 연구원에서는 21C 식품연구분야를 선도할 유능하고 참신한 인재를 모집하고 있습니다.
:::::
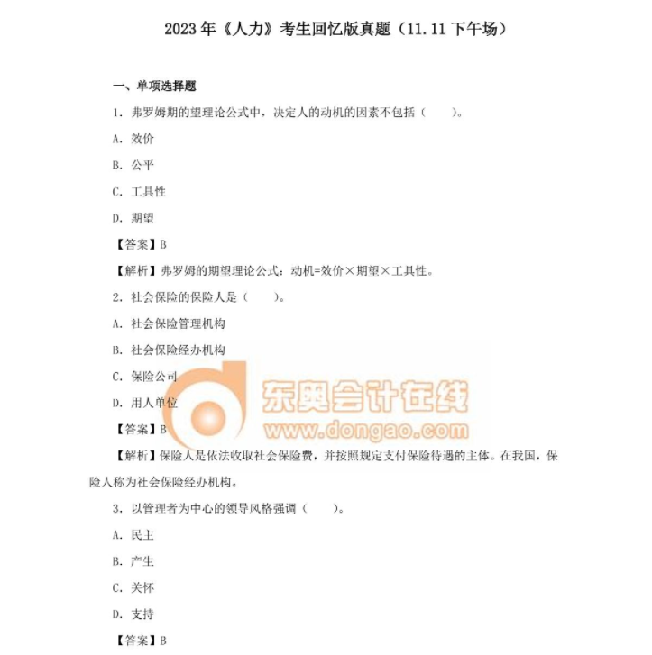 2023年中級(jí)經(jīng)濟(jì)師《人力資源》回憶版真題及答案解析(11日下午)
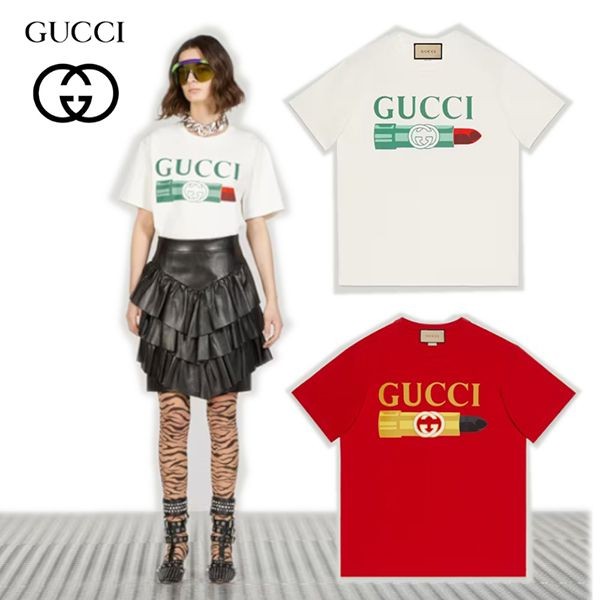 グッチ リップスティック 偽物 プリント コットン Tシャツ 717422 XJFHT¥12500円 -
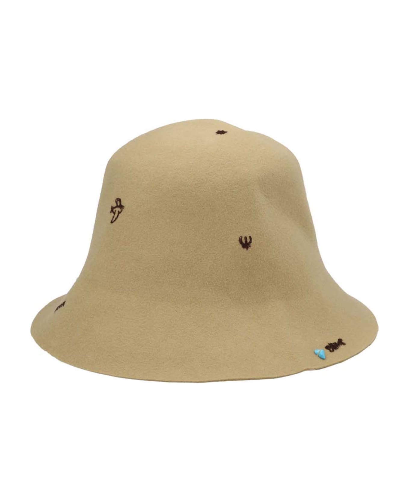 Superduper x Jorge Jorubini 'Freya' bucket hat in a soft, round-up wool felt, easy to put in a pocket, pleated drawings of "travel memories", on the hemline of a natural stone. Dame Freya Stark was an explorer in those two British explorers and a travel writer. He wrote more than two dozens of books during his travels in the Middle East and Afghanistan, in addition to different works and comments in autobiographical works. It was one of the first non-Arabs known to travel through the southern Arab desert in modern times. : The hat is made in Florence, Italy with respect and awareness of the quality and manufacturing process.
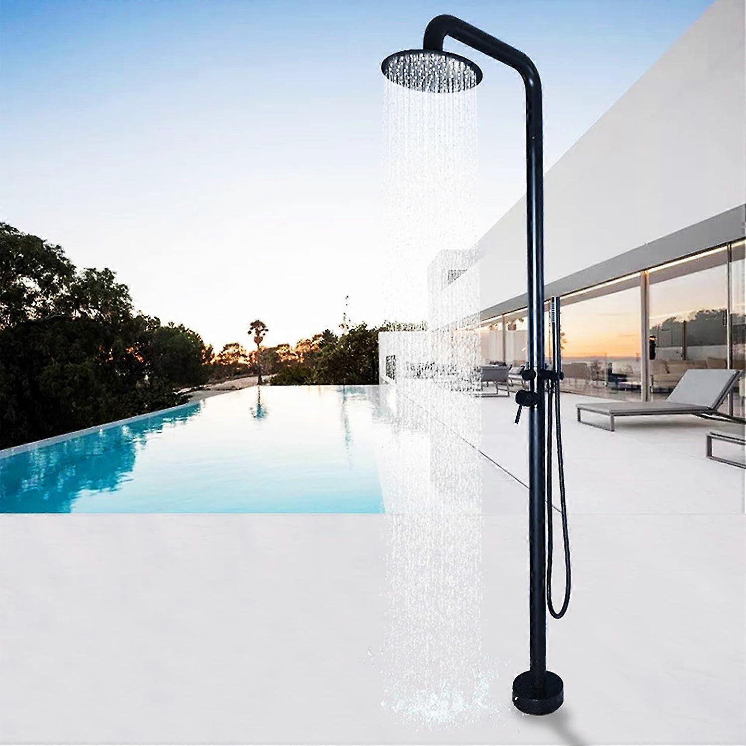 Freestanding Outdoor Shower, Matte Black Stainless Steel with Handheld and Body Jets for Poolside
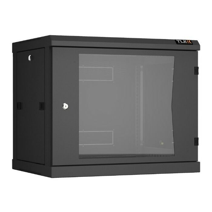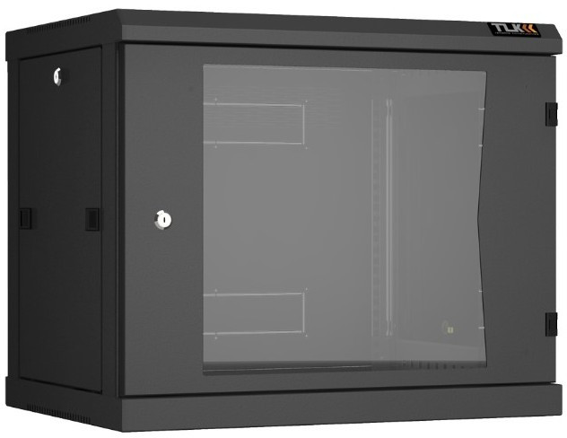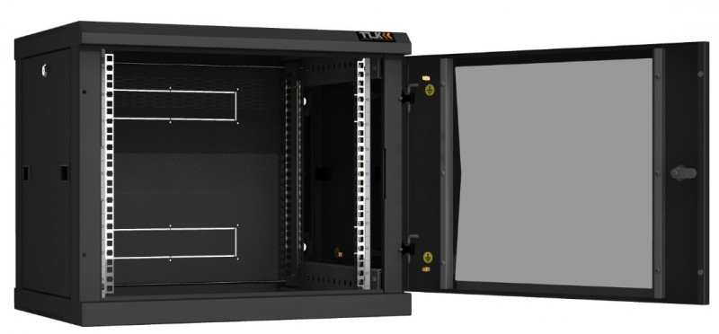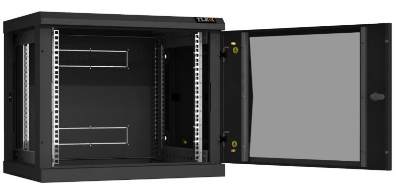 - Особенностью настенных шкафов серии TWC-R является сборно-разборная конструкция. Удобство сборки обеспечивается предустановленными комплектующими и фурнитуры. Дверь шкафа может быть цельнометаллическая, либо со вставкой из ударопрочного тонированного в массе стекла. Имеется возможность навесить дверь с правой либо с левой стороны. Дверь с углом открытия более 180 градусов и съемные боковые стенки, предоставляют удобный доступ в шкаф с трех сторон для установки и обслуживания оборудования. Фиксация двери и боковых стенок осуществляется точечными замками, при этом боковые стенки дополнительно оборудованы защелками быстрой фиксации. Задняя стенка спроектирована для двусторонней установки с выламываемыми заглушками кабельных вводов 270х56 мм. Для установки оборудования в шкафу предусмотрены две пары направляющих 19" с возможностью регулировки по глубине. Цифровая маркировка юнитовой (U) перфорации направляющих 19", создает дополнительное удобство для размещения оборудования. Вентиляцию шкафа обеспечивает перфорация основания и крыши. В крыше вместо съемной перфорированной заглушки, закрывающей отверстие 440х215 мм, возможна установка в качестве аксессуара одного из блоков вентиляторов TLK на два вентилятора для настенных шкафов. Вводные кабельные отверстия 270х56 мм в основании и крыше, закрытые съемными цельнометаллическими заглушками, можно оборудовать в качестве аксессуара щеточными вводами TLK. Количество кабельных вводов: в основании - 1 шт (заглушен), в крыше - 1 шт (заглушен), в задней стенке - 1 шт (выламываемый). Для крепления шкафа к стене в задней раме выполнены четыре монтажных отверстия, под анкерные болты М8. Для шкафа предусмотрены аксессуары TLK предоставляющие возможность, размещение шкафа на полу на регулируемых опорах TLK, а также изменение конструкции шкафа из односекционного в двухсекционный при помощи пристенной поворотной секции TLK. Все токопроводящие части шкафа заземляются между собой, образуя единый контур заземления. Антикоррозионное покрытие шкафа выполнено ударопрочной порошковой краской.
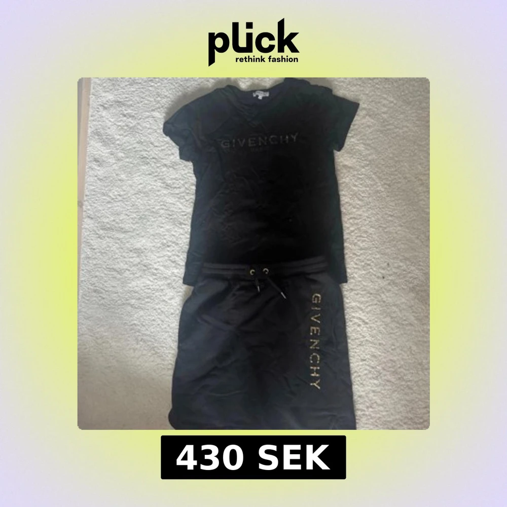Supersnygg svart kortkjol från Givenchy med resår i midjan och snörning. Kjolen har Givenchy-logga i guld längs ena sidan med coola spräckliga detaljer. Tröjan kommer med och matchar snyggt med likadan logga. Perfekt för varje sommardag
:::::
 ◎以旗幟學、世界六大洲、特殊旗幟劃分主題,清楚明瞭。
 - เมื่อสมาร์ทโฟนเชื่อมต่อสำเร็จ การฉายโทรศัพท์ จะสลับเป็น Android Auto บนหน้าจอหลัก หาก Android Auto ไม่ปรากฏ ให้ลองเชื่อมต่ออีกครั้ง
:::::
Quote the lines above exactly, starting with the one that has "グッチ リップスティック 偽物" and ending with the one that has "Freestanding Outdoor Shower, Matte"; drop the pictures and include nothing else.

 グッチ リップスティック 偽物 プリント コットン Tシャツ 717422 XJFHT¥12500円 -
 Superduper x Jorge Jorubini 'Freya' bucket hat in a soft, round-up wool felt, easy to put in a pocket, pleated drawings of "travel memories", on the hemline of a natural stone. Dame Freya Stark was an explorer in those two British explorers and a travel writer. He wrote more than two dozens of books during his travels in the Middle East and Afghanistan, in addition to different works and comments in autobiographical works. It was one of the first non-Arabs known to travel through the southern Arab desert in modern times. : The hat is made in Florence, Italy with respect and awareness of the quality and manufacturing process.
 Freestanding Outdoor Shower, Matte Black Stainless Steel with Handheld and Body Jets for Poolside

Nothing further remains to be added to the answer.